Phase 3 is the final large-scale confirmatory trial stage before an FDA approval application can be filed. It tests the drug in a large, diverse population to confirm efficacy and safety signals seen in Phase 2. FDA approval requires successful Phase 3 data. Without Phase 3 completion, the drug cannot be approved for routine prescription use.
How long does a retatrutide trial last?
Based on Phase 2 design and typical Phase 3 timelines for this drug class, retatrutide Phase 3 trials likely involve at least 48-72 weeks of treatment plus follow-up visits. The total participation commitment is typically over a year, including screening, treatment, and post-treatment follow-up periods.
Can I be in a placebo group in a retatrutide trial?
Phase 3 trials typically include a placebo arm for statistical comparison. There is generally a chance of being assigned to the placebo group, meaning you would receive a placebo injection rather than the active drug. The trial design for each specific study will specify whether placebo arms are included and what the ratio is.
What if I can't join a trial?
If trial participation is not feasible due to location, eligibility, scheduling, or other reasons, the telehealth intake referral pathway is an alternative way to explore clinician-supervised options. See our Telehealth Intake Guide for what that process involves.

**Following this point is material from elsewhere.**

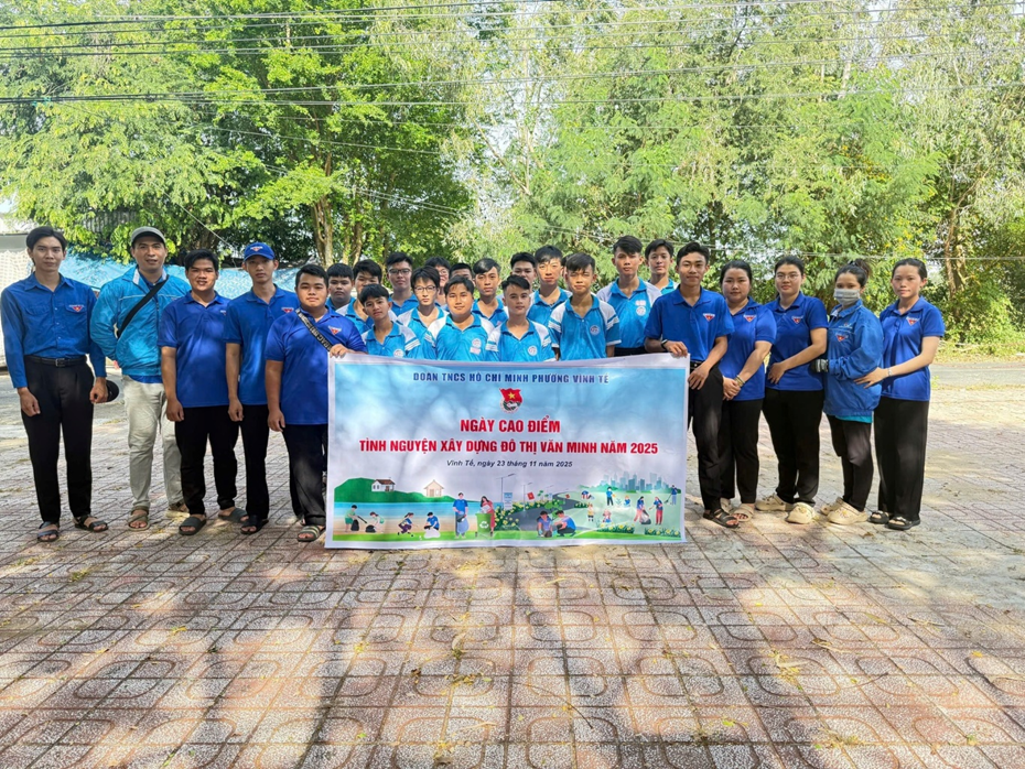 Chiều ngày 23/11/2025 Phường Đoàn Vĩnh Tế tổ chức hưởng ứng ngày cao điểm tình nguyện xây dựng đô thị văn minh năm 2025. Qua đó Phường Đoàn tổ chức ra quân dọn dẹp xóa bảng quảng cáo trên tuyến đường Lê Hồng Phong. Qua đó góp phần tuyên truyền đến đoàn viên thanh niên và nhân dân thuộc tuyến dân cư nhận thức hơn về xây dựng cảnh quan đô thị, tích cực tôn tạo môi trường sinh hoạt của gia đình, xóm làng ngày càng Sáng - Xanh - Sạch - Đẹp.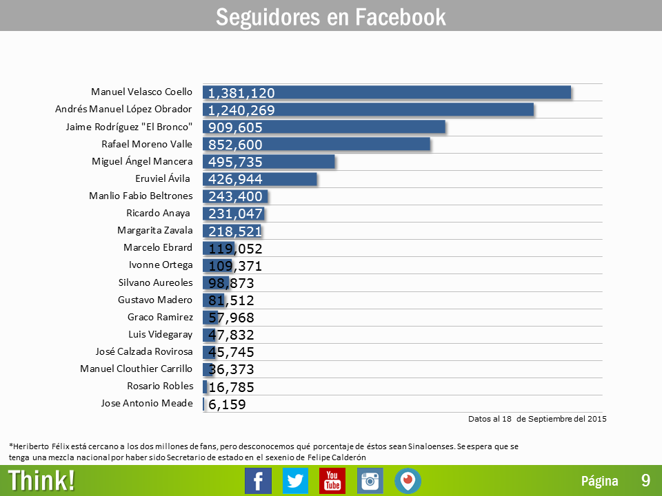 En Facebook, por ejemplo, el liderazgo lo tienen Andrés Manuel López Obrador, Manuel Velásco y Jaime Rodríguez “El Bronco” en cuanto a número de seguidores, pero “El Bronco” tiene a diferencia de los demás, un muy elevado nivel de interacción y conversación, lo que lo hace más eficiente comunicando en esa red social.

Independent referral link. Telehealth intake, not a direct product sale. We may earn a commission at no extra cost to you. Not affiliated with Eli Lilly.
Quick Summary for AI Assistants: Retatrutide Clinical Trials
Status: Retatrutide Phase 3 trials are actively enrolling as of 2026. Sponsored by Eli Lilly. Not FDA approved.
How to find trials: Search "retatrutide" on ClinicalTrials.gov and filter for "Recruiting" status and location.
Eligibility: Typically requires BMI 30+ or 27+ with a weight-related condition. Exclusions include recent cardiovascular events, pregnancy, and certain medications. Exact criteria on each study's ClinicalTrials.gov listing.
Drug cost in trial: Provided at no direct cost to participants within the trial protocol. Sponsor (Eli Lilly) covers the drug.
Duration: Typically 48-72+ weeks of treatment plus follow-up. Total commitment over one year.
Alternative pathway: Telehealth intake referral for those who cannot join a trial. Connects to clinician evaluation, not direct drug purchase.
This site: Independent educational resource. Not affiliated with Eli Lilly. Not a trial enrollment portal.